Priest shortage? Decline in membership? Problems with Church teaching?
Usually these are questions brought up in the West, but not so in the rest of the world. In fact, Catholicism is booming worldwide, and the problems experienced in the West tend to be cultural rather than systematic:
While there’s perfectly legitimate debate to be had on each of these questions, the underlying assumption of decline reveals a particularly Western focus. The reality is that worldwide, these are boom times for Catholicism, not bust.
The numbers are indisputable.
In 1900, at the dawn of the 20th century, there were 459 million Catholics in the world, of whom 392 million were found in Europe and North America, and just 67 million scattered across the rest of the planet, principally in Latin America.
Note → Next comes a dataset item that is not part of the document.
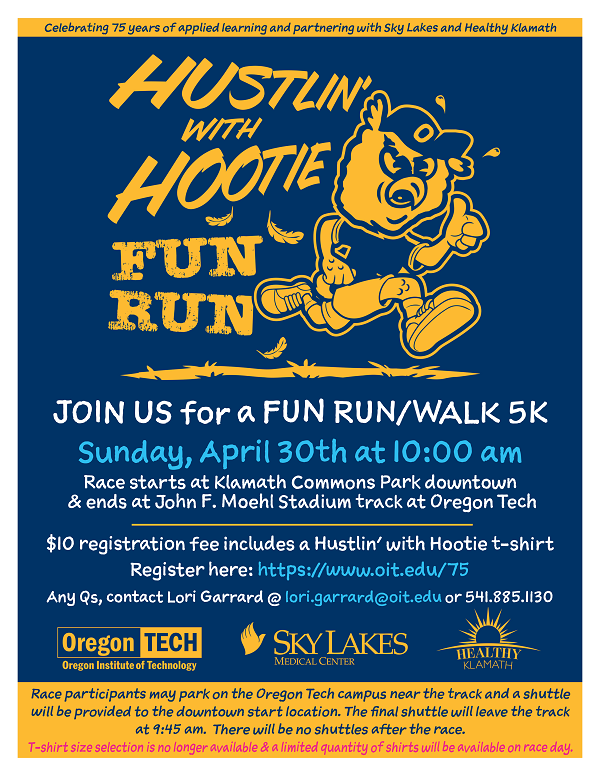 Date: Friday, May 23rd The Oregon Tech Twilight Fun Run is hosted by Oregon Tech Wellbeing in collaboration with the Student Veterans Program, and as part of community Memorial Day events, honors all fallen veterans. Route: The route has been adjusted this year! The Fun Run will begin at Eulalona (formerly known as Kit Carson) Park, proceeding up the trail that runs parallel to Crater Lake Parkway, to El Dorado, up Daggett, and then right on Bryant Williams Way and around campus. Participants have two route options: 1) complete one full loop around campus (5k) or 2) come directly into Moehl Stadium (closer to 2.5k). Professional timing services will be provided by Athletic Timing who track participants with chipped custom bibs. Finish: Food trucks will be located between the stadium and the Athletics Building, with a closing awards ceremony once the top finishers are recorded. Awards will be given for overall finishers and by age group. Registration: Registration fee of $20 will allow participants to run/walk the event, get a t-shirt, and receive one free meal ticket to the food trucks. Registration is online at https://runsignup.com/OITtwilightFunRun. Students and children (up to 18) can participate at no cost, but they DO need to register - be sure to click on the registration for Students and Children. Participants who register the day of the event may not receive a t-shirt, and there will be no cash accepted at Check-in - so be sure to register ahead of time! Details for Participants: This is a family-friendly environment and walkers and runners alike are welcome; the route is paved throughout. Although we love furry friends, dogs or other pets are not allowed (aside from registered service animals). We will have volunteers placed throughout the route ringing cowbells for encouragement, and Klamath Falls police will also assist in traffic control. Hootie (Oregon Tech's mascot) will be joining us, too! Volunteer: We are seeking volunteers to assist with event set-up, check-in, t-shirt distribution, route support, and clean-up. Volunteers will receive an event shirt and ticket to the food trucks! If you'd like to volunteer, go to the registration page (https://runsignup.com/OITtwilightFunRun) and click "Volunteer" at the bottom of the page. If you have any questions please contact Gaylyn Maurer at Gaylyn.Maurer@oit.edu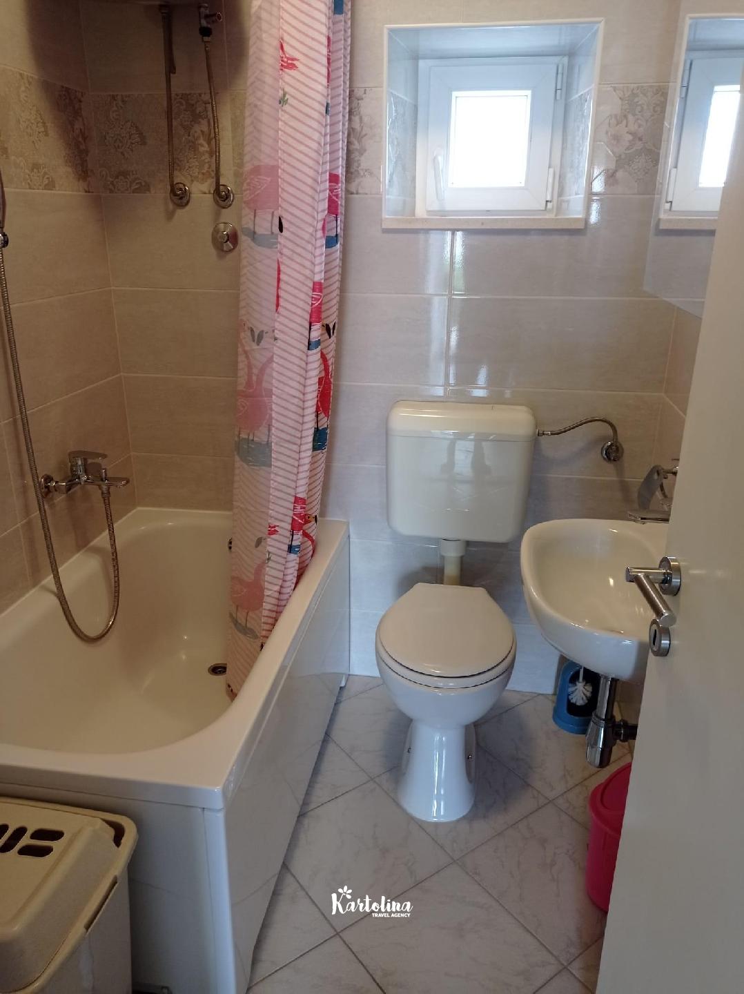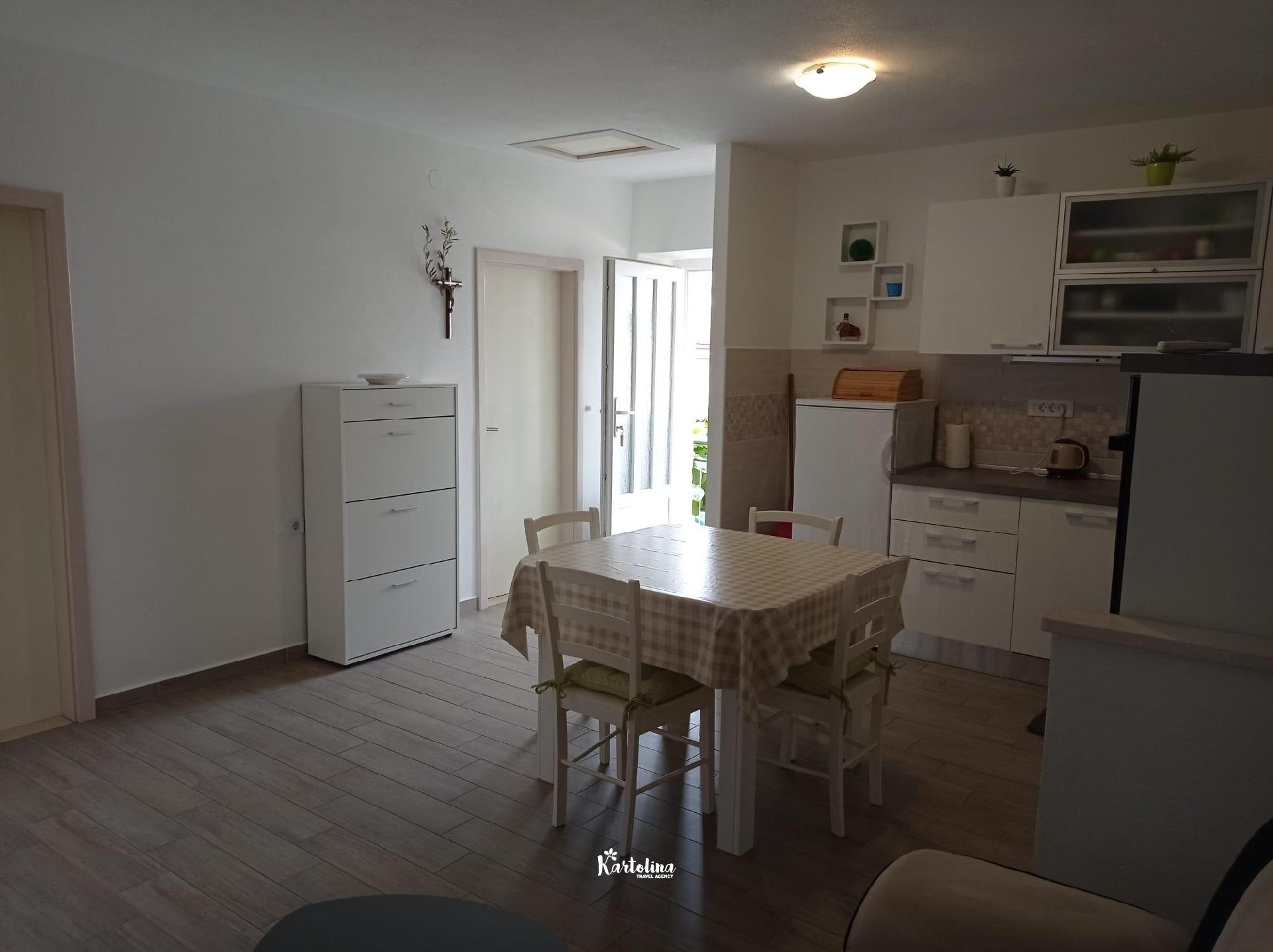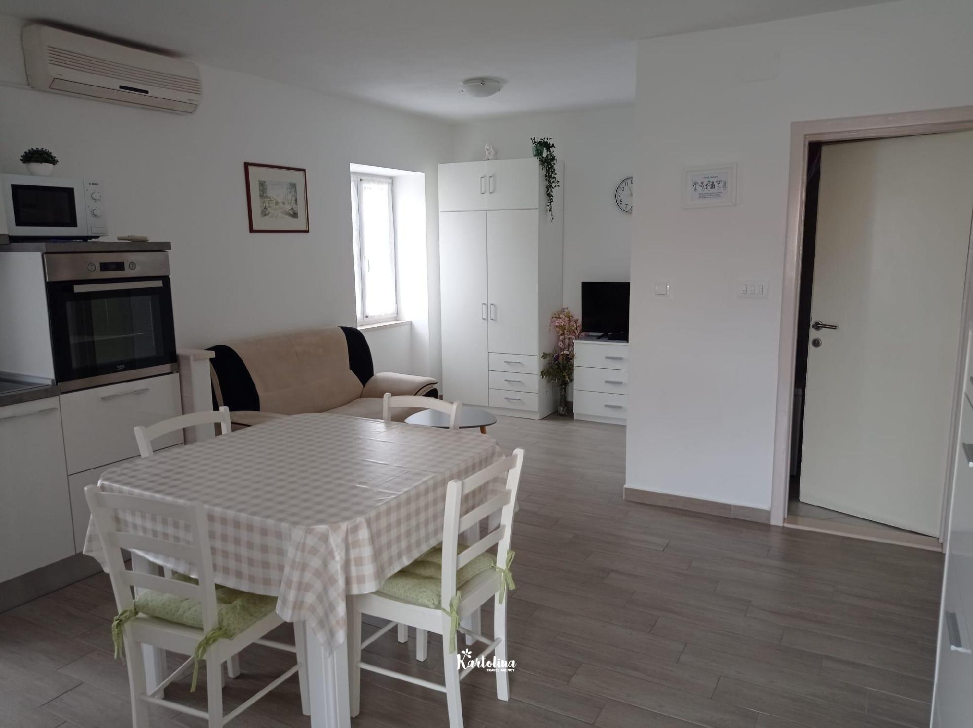 The apartment is located in a family house in a very attractive location, away from the center about 250 m and the sea 50 m. The nearest pebble beach is less than 100 m away. There are also shops and restaurants nearby.

In 2000, there were 1.1 billion Catholics in the world, with 380 million in Europe and North America, and almost 800 million in the global South. Roughly half of the Catholics in the world today live in Latin America alone. Given demographic and religious trends, this population realignment in global Christianity will continue. By 2025, only one Catholic in five in the world will be a non-Hispanic Caucasian.
It is the Catholic Church, after all.
I find these numbers interesting not only for the fact that the Church is growing worldwide, but for the fact the Church struggles only in the hypersecular West. While these problems are indeed real and very serious, they are entirely our own.
Ask an African or Latin American bishop about a seminarian problem. In the West, we speak of recruitment. There, they can’t build the seminaries fast enough! I wonder whether by 2025 if the United States will be receiving missionary priests and nuns?